**Dataset**:

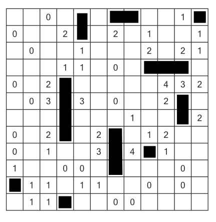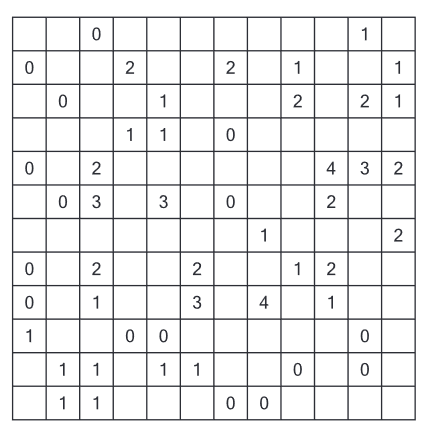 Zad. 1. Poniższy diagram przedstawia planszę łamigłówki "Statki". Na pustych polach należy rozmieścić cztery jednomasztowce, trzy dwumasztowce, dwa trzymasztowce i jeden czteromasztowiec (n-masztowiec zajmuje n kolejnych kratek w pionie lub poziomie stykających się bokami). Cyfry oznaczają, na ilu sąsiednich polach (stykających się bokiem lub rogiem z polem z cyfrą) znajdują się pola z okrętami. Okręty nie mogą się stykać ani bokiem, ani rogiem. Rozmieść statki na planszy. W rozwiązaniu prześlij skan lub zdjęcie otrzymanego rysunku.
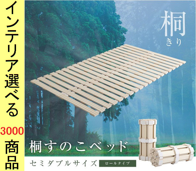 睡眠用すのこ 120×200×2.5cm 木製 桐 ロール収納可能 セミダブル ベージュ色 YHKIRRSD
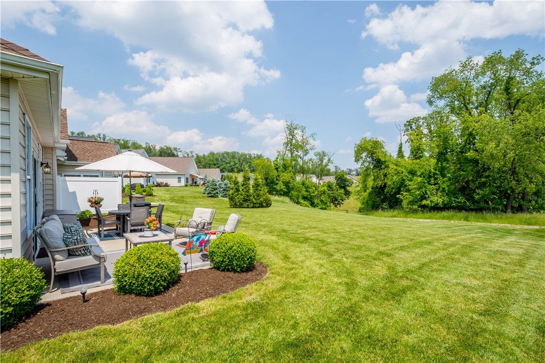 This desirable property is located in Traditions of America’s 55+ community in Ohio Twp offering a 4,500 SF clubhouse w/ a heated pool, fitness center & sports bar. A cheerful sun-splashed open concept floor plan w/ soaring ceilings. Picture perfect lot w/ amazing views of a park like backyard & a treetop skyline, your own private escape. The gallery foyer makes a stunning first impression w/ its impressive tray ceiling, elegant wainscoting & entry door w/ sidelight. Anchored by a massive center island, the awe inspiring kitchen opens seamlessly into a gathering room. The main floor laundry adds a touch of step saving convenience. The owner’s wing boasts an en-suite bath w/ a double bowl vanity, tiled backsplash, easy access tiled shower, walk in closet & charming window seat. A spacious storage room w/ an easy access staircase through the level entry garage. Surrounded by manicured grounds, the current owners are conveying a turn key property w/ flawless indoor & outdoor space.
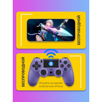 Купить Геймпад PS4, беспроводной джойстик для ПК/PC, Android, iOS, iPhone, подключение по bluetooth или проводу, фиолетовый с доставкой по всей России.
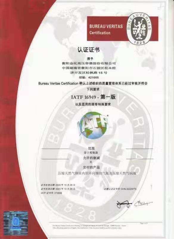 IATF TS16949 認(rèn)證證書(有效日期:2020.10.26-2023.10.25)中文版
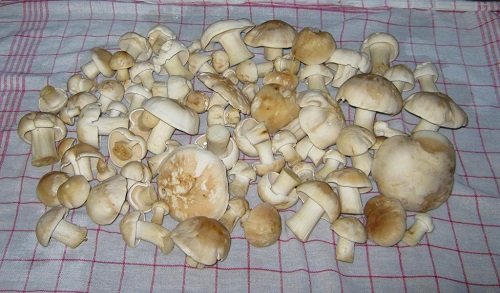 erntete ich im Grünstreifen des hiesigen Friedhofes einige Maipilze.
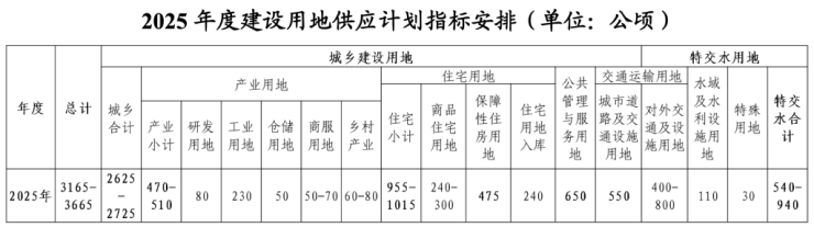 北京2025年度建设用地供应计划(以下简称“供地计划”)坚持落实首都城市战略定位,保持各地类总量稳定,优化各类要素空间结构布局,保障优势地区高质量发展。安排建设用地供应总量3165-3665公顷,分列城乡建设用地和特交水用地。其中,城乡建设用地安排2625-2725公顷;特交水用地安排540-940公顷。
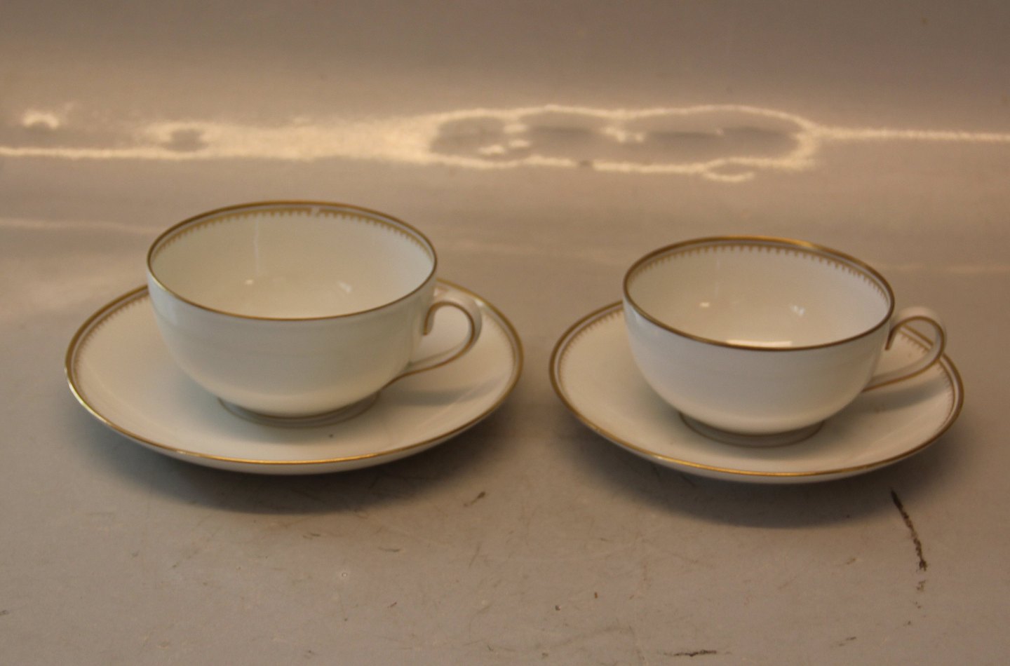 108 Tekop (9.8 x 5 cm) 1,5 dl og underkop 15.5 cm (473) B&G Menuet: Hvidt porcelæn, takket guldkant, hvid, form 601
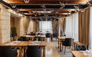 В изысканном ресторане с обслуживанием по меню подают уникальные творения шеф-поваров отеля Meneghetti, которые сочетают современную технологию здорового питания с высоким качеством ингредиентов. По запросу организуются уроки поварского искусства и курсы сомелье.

==

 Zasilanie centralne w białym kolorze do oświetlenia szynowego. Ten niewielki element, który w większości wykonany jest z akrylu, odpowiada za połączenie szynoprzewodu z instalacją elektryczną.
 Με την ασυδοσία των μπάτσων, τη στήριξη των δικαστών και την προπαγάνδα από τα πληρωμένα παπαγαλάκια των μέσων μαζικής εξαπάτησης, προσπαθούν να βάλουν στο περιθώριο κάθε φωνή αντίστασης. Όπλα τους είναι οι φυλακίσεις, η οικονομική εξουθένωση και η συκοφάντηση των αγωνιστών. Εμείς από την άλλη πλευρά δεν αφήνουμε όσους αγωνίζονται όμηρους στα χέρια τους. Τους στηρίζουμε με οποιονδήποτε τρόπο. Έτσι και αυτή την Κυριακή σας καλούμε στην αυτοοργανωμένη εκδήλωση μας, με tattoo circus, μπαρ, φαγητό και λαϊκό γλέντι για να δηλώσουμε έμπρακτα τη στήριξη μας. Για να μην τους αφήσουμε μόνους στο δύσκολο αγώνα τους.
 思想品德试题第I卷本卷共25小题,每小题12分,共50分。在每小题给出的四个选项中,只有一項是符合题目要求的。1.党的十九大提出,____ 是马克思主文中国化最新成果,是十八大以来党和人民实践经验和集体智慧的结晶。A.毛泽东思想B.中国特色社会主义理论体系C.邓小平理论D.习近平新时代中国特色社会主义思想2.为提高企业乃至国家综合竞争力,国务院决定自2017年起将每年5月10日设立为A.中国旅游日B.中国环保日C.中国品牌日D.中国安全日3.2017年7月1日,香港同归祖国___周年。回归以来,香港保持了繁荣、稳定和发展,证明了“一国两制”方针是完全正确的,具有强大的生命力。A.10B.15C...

**What you should do**: The material above holds pictures; leave them out. Repeat exactly the lines from the one containing "Zad. 1. Poniższy" through the one containing "睡眠用すのこ 120×200×2.5cm 木製", and nothing else.

**Answer area**:
 Zad. 1. Poniższy diagram przedstawia planszę łamigłówki "Statki". Na pustych polach należy rozmieścić cztery jednomasztowce, trzy dwumasztowce, dwa trzymasztowce i jeden czteromasztowiec (n-masztowiec zajmuje n kolejnych kratek w pionie lub poziomie stykających się bokami). Cyfry oznaczają, na ilu sąsiednich polach (stykających się bokiem lub rogiem z polem z cyfrą) znajdują się pola z okrętami. Okręty nie mogą się stykać ani bokiem, ani rogiem. Rozmieść statki na planszy. W rozwiązaniu prześlij skan lub zdjęcie otrzymanego rysunku.
 睡眠用すのこ 120×200×2.5cm 木製 桐 ロール収納可能 セミダブル ベージュ色 YHKIRRSD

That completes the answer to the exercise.